Sun. Nov 2nd, 2025

Trump Slaps 25% Tariffs on Heavy Trucks and Bus Imports — Canada Faces Fresh Supply Chain Risks

WASHINGTON / TORONTO — U.S. President Donald Trump has announced sweeping new 25 per cent tariffs on medium- and heavy-duty truck components and 10 per cent tariffs on buses, marking the latest escalation in his administration’s protectionist trade agenda that’s already impacting several Canadian industries.

The new duties, set to take effect on November 1, target large pickup trucks, cargo and moving trucks, dump trucks, and tractor units for 18-wheelers, according to a White House fact sheet released on October 17.

While the proclamation provides limited carve-outs under the Canada–U.S.–Mexico Agreement (CUSMA), the new measures are expected to cause significant disruptions to North America’s integrated automotive supply chain, especially in Ontario, home to several major truck assembly and parts manufacturing facilities.

Tariff Details and National Security Justification

The Trump administration invoked Section 232 of the U.S. Trade Expansion Act of 1962, citing national security concerns. The White House argues the new tariffs will “fortify America’s ability to manufacture medium- and heavy-duty trucks and essential parts,” which it deems critical for the military, emergency services, and infrastructure sectors.

Under the new structure:

  • Non-CUSMA-compliant trucks will face the full 25% tariff on the total value of the vehicle.
  • CUSMA-compliant trucks will only be taxed on the non-U.S. content within the vehicle.
  • A separate 10% tariff will apply to school buses, transit buses, and motor coaches.
  • Truck parts, including engines, transmissions, tires, and chassis, will also face the 25% levy unless they meet CUSMA-origin standards.

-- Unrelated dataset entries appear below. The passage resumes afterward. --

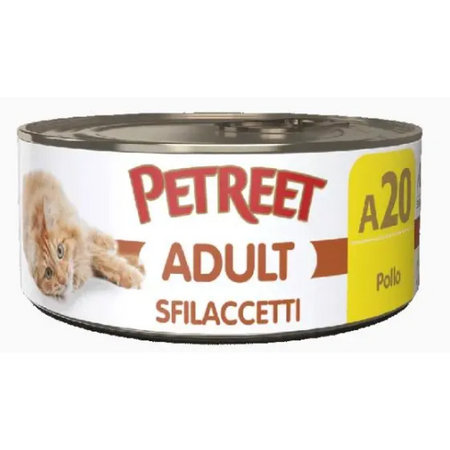 Petreet Natura Chicken Sfilaccetti is a wet food for cats that is characterized by its exclusive and refined flavors.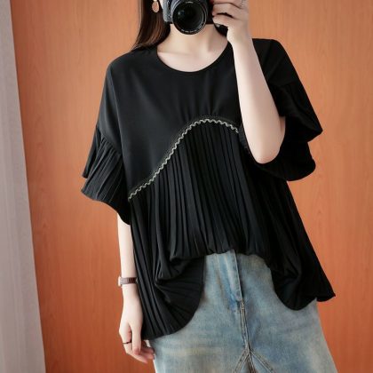 | nameOriginal | 300 Jin chubby girl plus size Top Belly Covering Flesh Slim Top Summer New Chic Loose Chiffon Stitching Short Sleeve |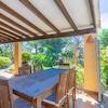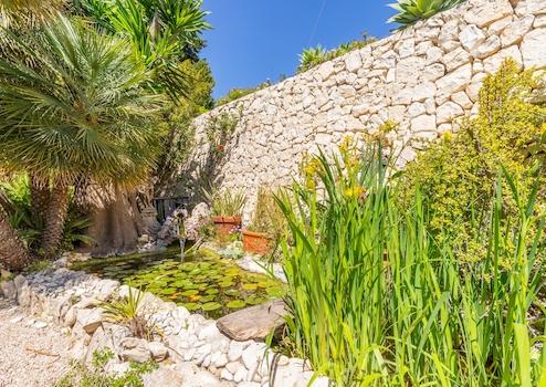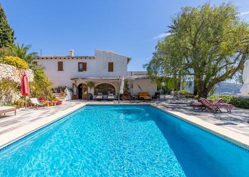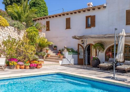 Das Anwesen besteht aus zwei Gebäuden: dem Haupthaus und dem Gästehaus. Der Ausblick ist wie aus dem Bilderbuch: Grüne Weinberge, das Meer und das Cap d'Or von Moraira im Hintergrund. Das Haus liegt an einem nach Südwesten ausgerichteten Hang und garantiert so den Genuss des milden Klimas der Region. Es ist vor Nordwinden geschützt und profitiert vom Südwind, der in den Sommermonaten als natürliche Klimaanlage wirkt. Das 154 m² große, rustikale und neu erbaute Gästehaus erstreckt sich über zwei Etagen. Es verfügt über drei Schlafzimmer, ein Wohn-Esszimmer und eine fantastische Terrasse, die den ganzen Sommer über Schatten spendet. Umgeben von einem Garten mit vielfältigen Pflanzen und Blumen bietet es einen herrlichen Ausblick, untermalt vom sanften Plätschern eines schönen Koiteichs. Mehrere Pergolen laden zum Verweilen und Genießen der Ruhe und Abgeschiedenheit des Anwesens ein. Zwischen den beiden Gebäuden erstreckt sich der Garten mit seiner üppigen Vegetation und einem von Palmen beschatteten Entspannungsbereich, der zum Poolbereich mit einer großzügigen Terrasse mit rutschfestem Boden führt. Mehr als 200 m² umgeben den Pool. Das Haupthaus ist ein Paradies für Ruhesuchende, denn es bietet verschiedene Bereiche, sodass man das ganze Haus genießen kann, ohne dass sich die Familienmitglieder gegenseitig stören.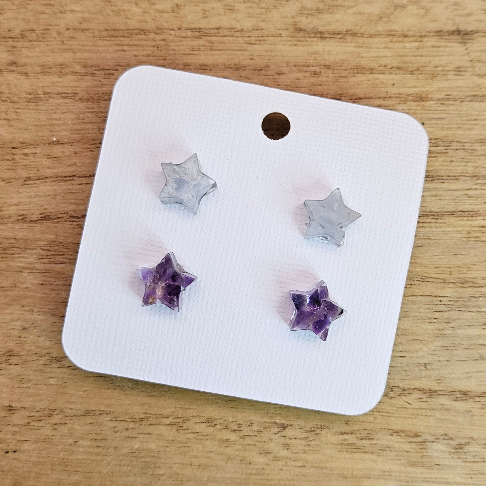 This Resin Star Stud Set includes two pairs of earrings, each featuring a unique combination of resin and semi-precious chips. The Angelite and Amethyst chips are arranged in the shape of 5 point star, adding a touch of elegance to any outfit. Handcrafted with care and expertise, these earrings are versatile and stylish.
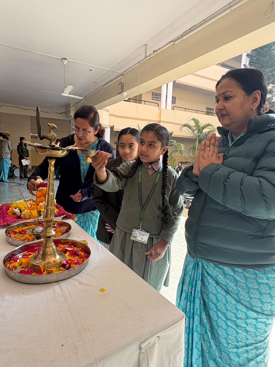 The assembly began with Deep Prajwalan and Vedic mantra chanting, followed by Malyarpan offered by the Principal, Vice Principal, and Coordinators as a mark of reverence.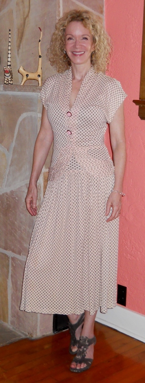 Here is a pale peach 1940’s day dress that I have worn to work and to some social events. Somehow, it has grown smaller over the years, as the ghostly closet re-sizers must have had their way with it! So it will soon go to the consignment shop or up on eBay.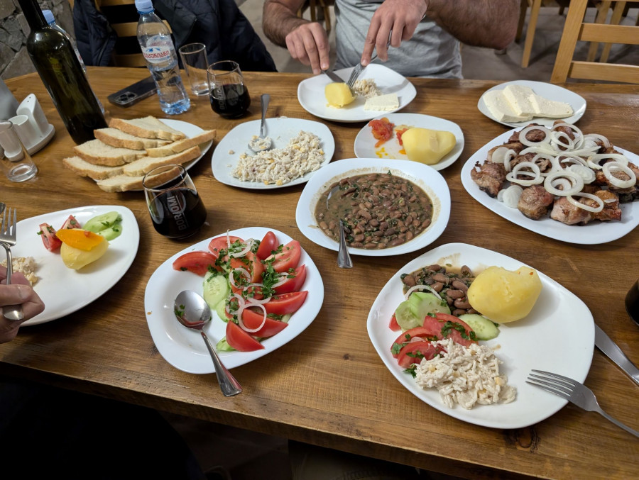 • A drive this morning takes us to Saghamo Lake, where we meet our bikes for the last time. Our last day of cycling is unforgettable, as we cross the high plateau. We pass Paravani Lake – the largest lake in Georgia. It’s quite shallow and the colour of the water can appear in a variety of shades of blue. You may see some of the cranes that inhabit this area; many nest in the villages that dot this plateau. At approx. 2000m elevation, this region is known as the Georgian Siberia; in winter, temperatures can plummet to -30˚C. Thankfully we’ll be enjoying warmer weather, and the alpine meadows around us are often colourful with wildflowers. We finish our ride with a lovely descent to Dashbashi Canyon. Carved naturally out of the volcanic basalt rock, it’s a spectacular and fitting end of our ride. We can visit the 240m-long glass bridge that spans the gorge, for an obligatory group photo before driving back to Tbilisi, where we enjoy a celebratory dinner in a local restaurant. Night hotel.

To incentivize domestic manufacturing, the administration plans to offset part of the tariffs through a 3.75% rebate tied to the total value of trucks assembled in the U.S. between 2025 and 2030, effectively rewarding American producers.

Canadian Impact

Trade experts warn the tariffs could hit Ontario’s auto and parts industry particularly hard. Canada exports billions in truck parts and components annually to the U.S., with supply chains closely integrated between Windsor, Brampton, Detroit, and Illinois.

The move follows a week of turbulence for the sector after Stellantis announced it would shift Jeep Compass production from Brampton, Ontario, to Illinois, despite prior assurances of keeping production in Canada — a decision widely seen as fallout from Trump’s manufacturing-first agenda.

Canada, the U.S., and Mexico are currently preparing for the 2026 CUSMA review, where auto trade rules are expected to be a key point of contention.

Growing List of U.S. Tariffs

The heavy-truck duties join a series of sector-specific tariffs recently imposed by Washington:

  • 50% tariffs on aluminum and steel imports.
  • 25% tariffs on non-U.S.-built cars and trucks.
  • 50% tariffs on copper.
  • 10% tariffs on wood products (including softwood lumber), increasing to 30–50% by January 2026 for non-trade partners.
  • Elimination of the de minimis exemption for imports under $800, meaning all Canadian shipments are now subject to full duties.

According to the Canadian Federation of Independent Business (CFIB), the combined effects of these measures could push Canadian softwood lumber tariffs above 35 per cent, while auto manufacturers face rising costs and reduced competitiveness across the border.

With trade tensions rising once again, Ottawa is expected to push back in upcoming CUSMA consultations, warning that repeated tariff shocks could threaten thousands of Canadian jobs tied to the North American automotive corridor.